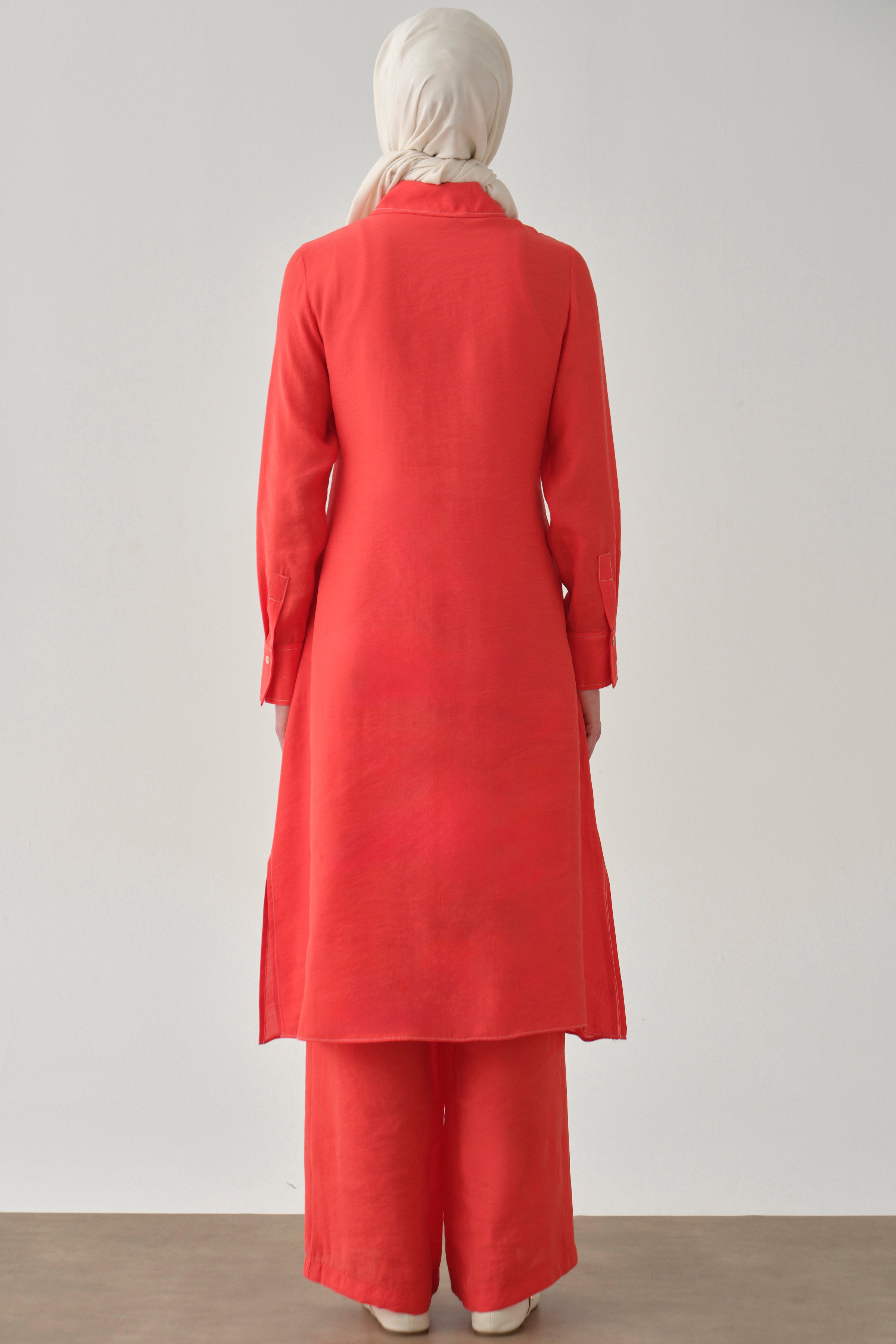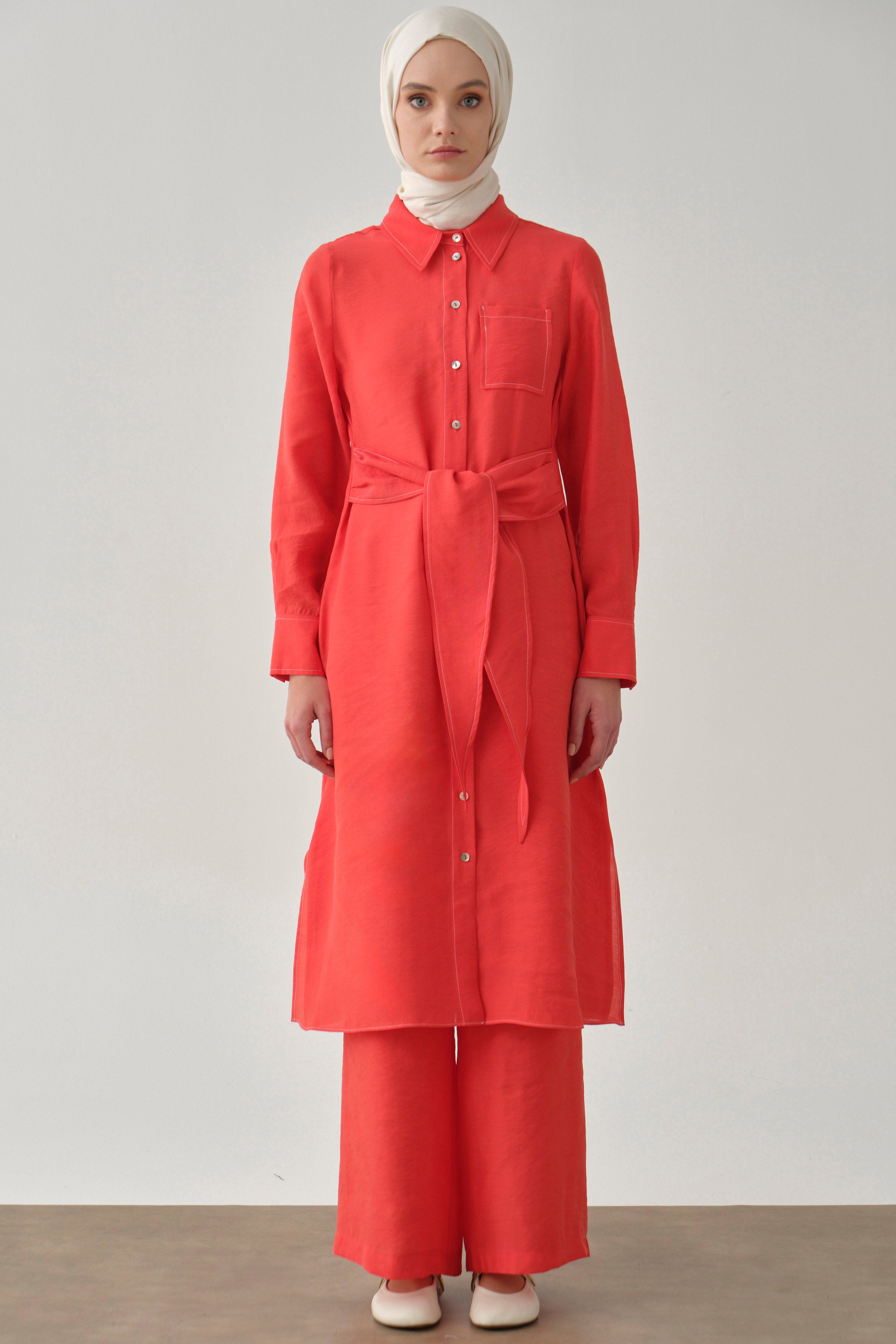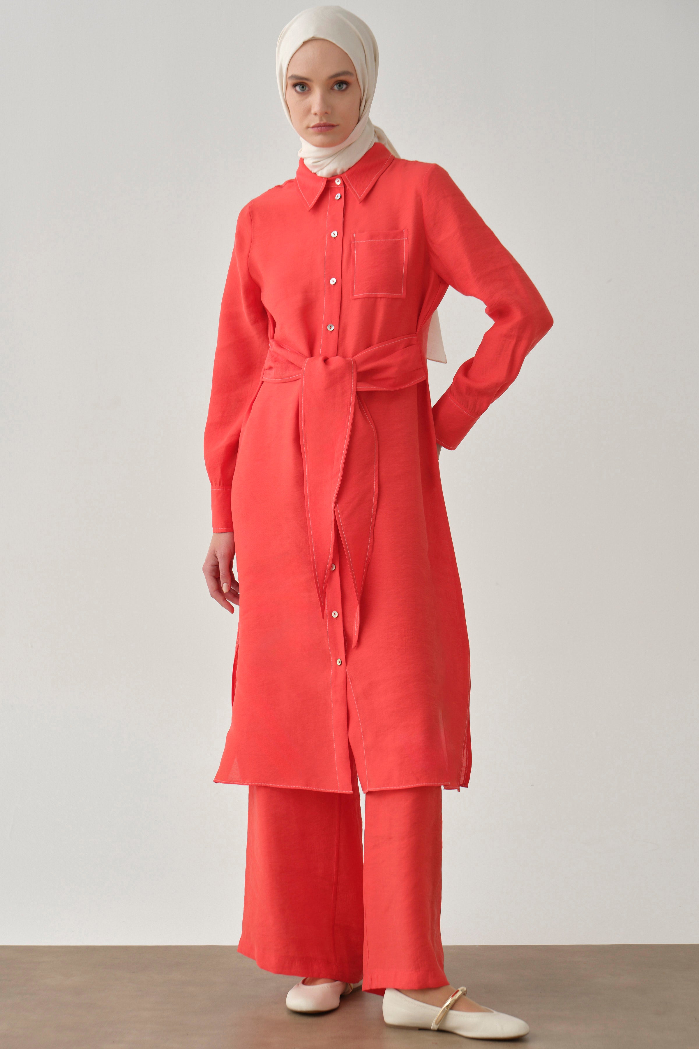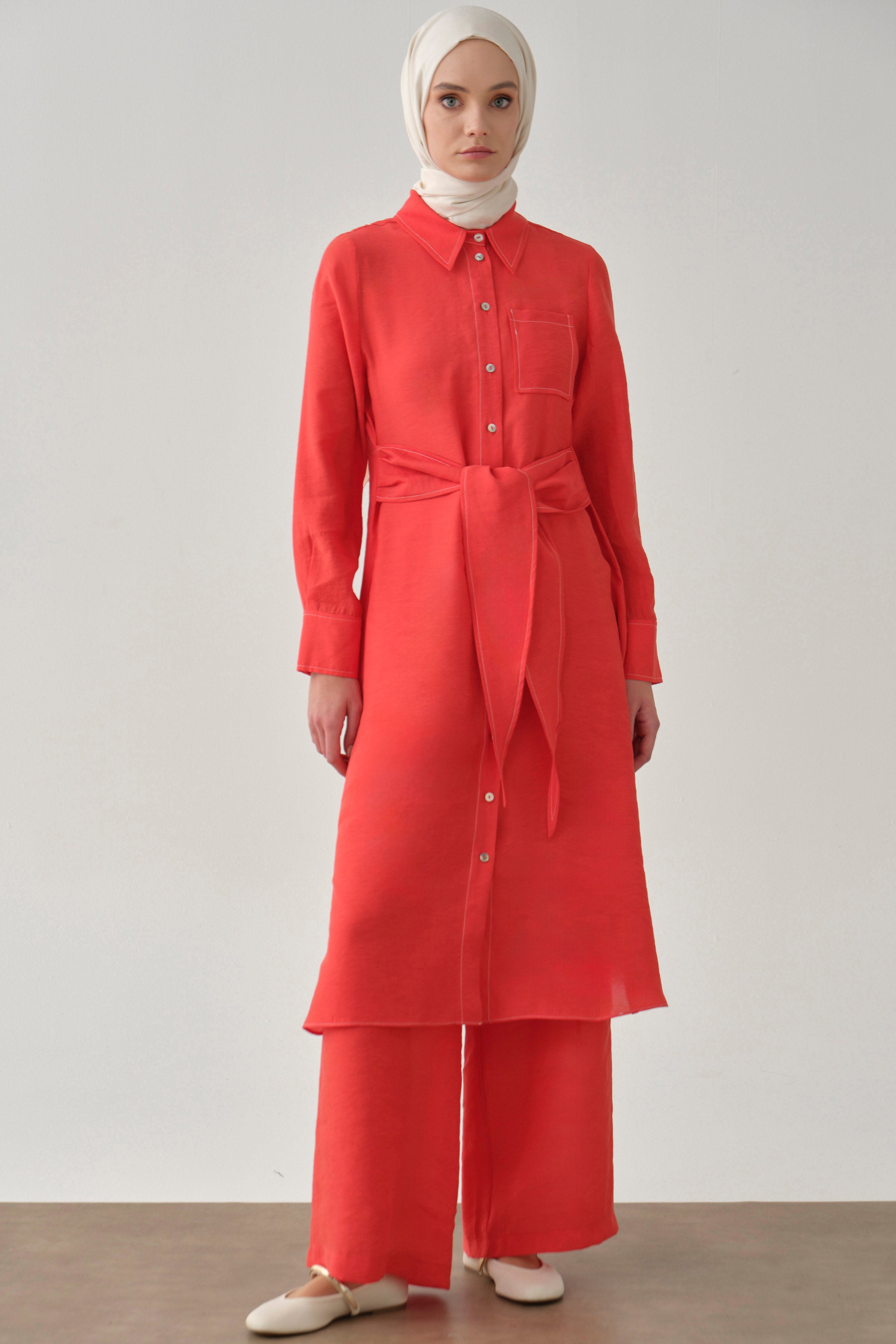 Tunic and pants set with belt - Coral
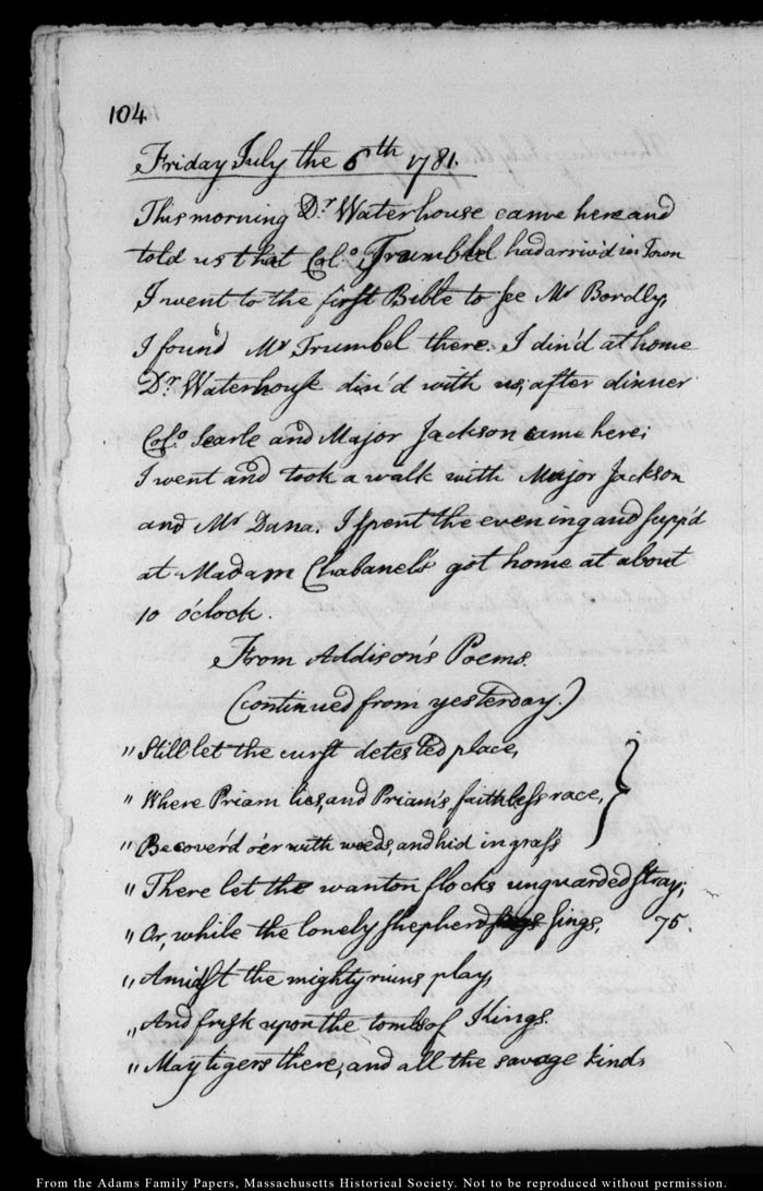 John Quincy Adams diary 4, 9 June 1781 - 27 August 1781, page 104
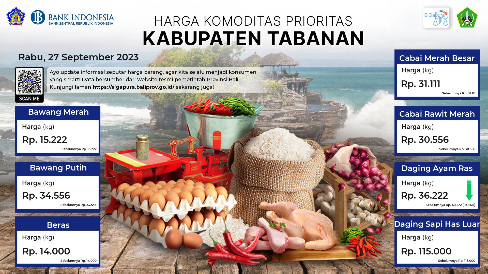 Berdasarkan pemantauan Harga Pangan Rata-Rata 7 (tujuh) Komoditas Prioritas di 60 Pasar seluruh Bali pada tanggal 27 September 2023, diperoleh informasi Bawang Merah ada diharga Rp. 17.902, mengalami kenaikan sebesar 2.93%. Bawang Putih ada diharga Rp. 33.424, mengalami penurunan sebesar 1.87%. Beras ada diharga Rp. 13.878, mengalami kenaikan sebesar 0.84%. Cabai Merah Besar ada diharga Rp. 33.504, mengalami kenaikan sebesar 0.34%. Cabai Rawit Merah ada diharga Rp. 27.729, mengalami penurunan sebesar 1.73%. Daging Ayam Ras ada diharga Rp. 38.370, mengalami penurunan sebesar 1.96%. Daging Sapi Has Luar ada diharga Rp. 120.237, mengalami kenaikan sebesar 0.64%.
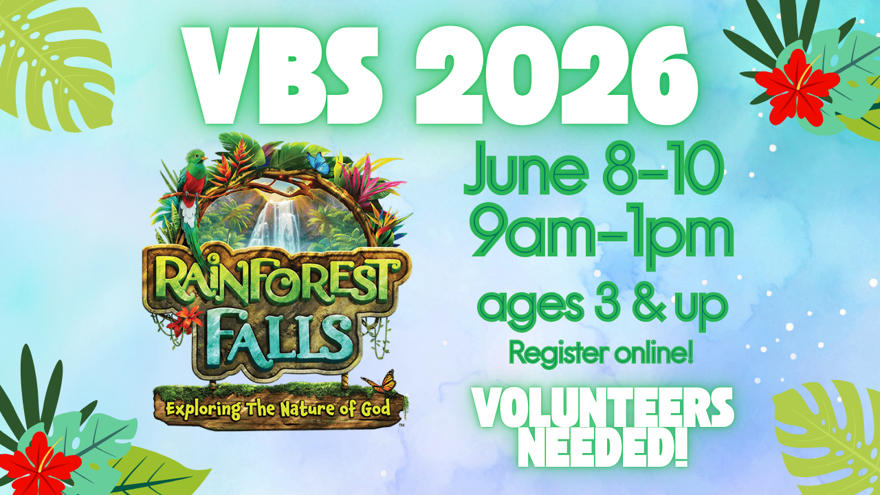 We are so excited about Rainforest Falls VBS this year! VBS is for ages 3-PreK. There are limited spots available, so register here today!
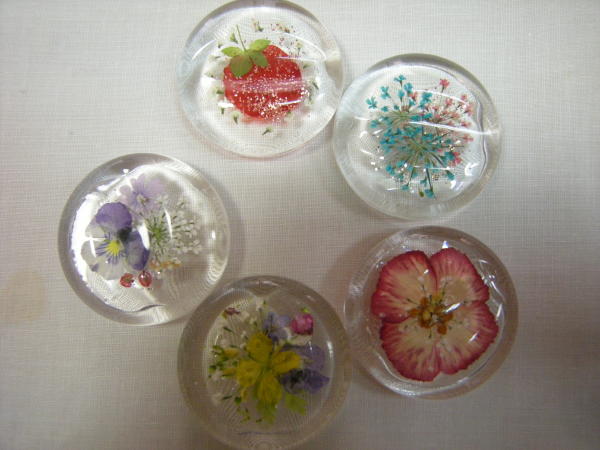 結構上手にできたのですが、いちごは失敗。薄く切って押してみたのですが、先生に聞いたところあまり熟していないいちごを半分に切って、中の白い部分をえぐって取り押すとうまくいくそうです。
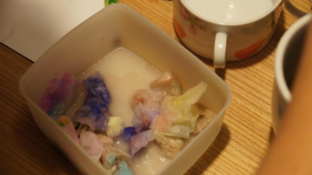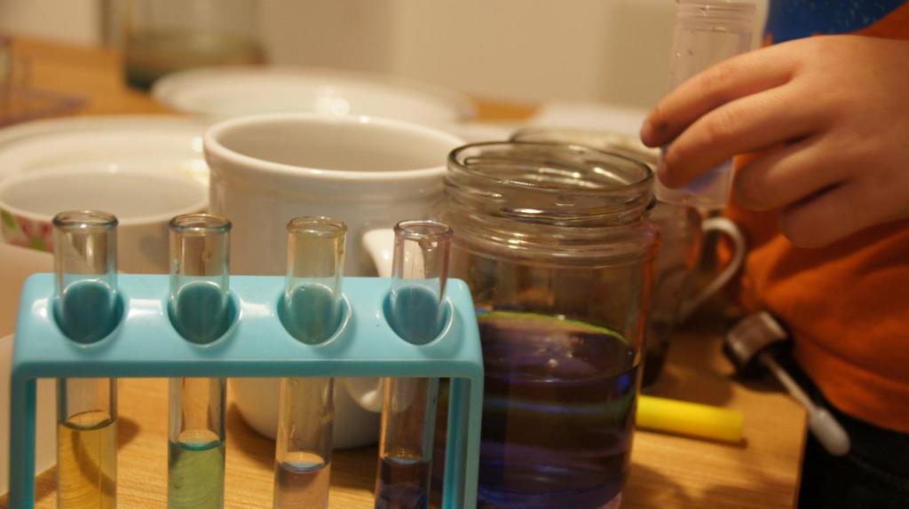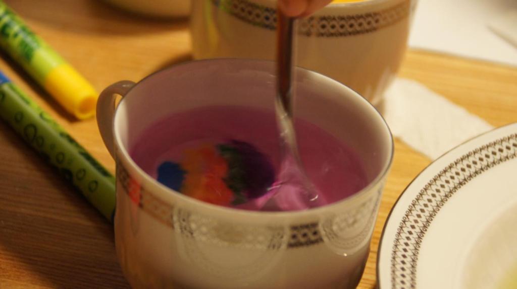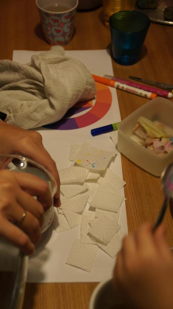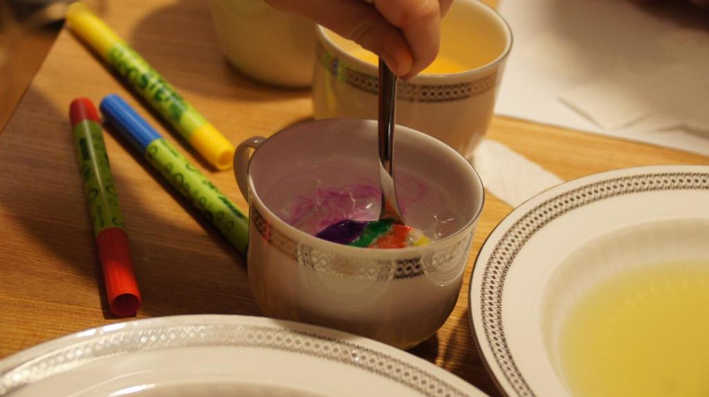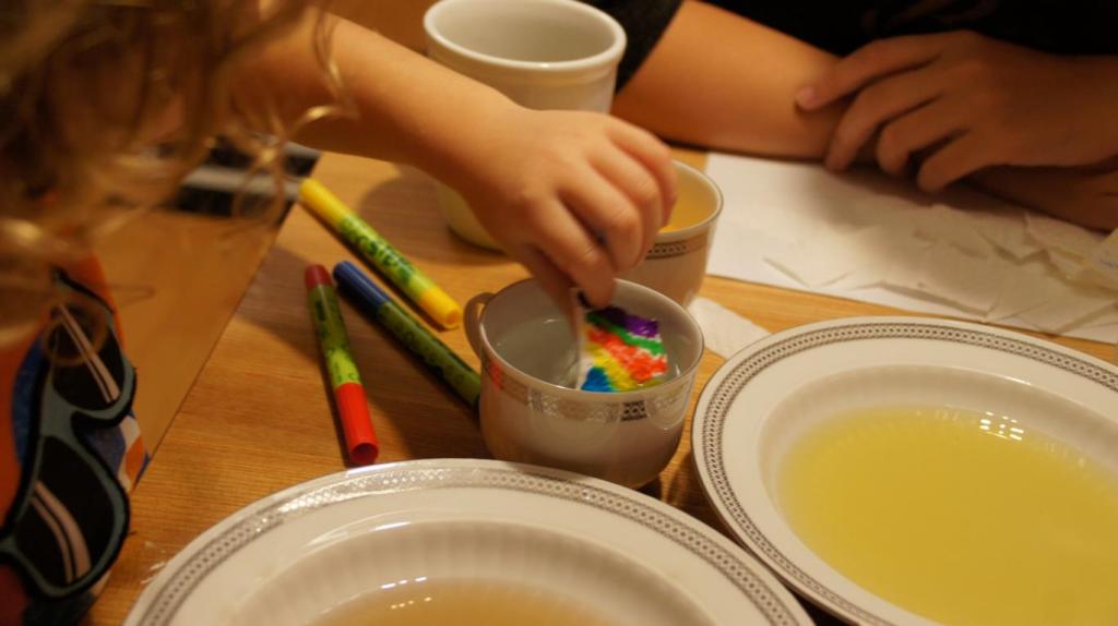 Die Herzkönigin und der kleine Prinz haben offenbar eine Vorliebe für Pritscheleien, gemeinhin Wasserspiele genannt. Hier wird mit Farben experimentiert, die man auf ein Stück Küchenrolle aufmalt und die dann im Wasser neue Farbvariationen entstehen lassen.

***

[Work to be completed]: Set the pictures aside and transcribe exactly the stretch of lines above, beginning with the one holding "We are so excited" and ending with the one holding "結構上手にできたのですが、い".

[Answer box]:
 We are so excited about Rainforest Falls VBS this year! VBS is for ages 3-PreK. There are limited spots available, so register here today!
 結構上手にできたのですが、いちごは失敗。薄く切って押してみたのですが、先生に聞いたところあまり熟していないいちごを半分に切って、中の白い部分をえぐって取り押すとうまくいくそうです。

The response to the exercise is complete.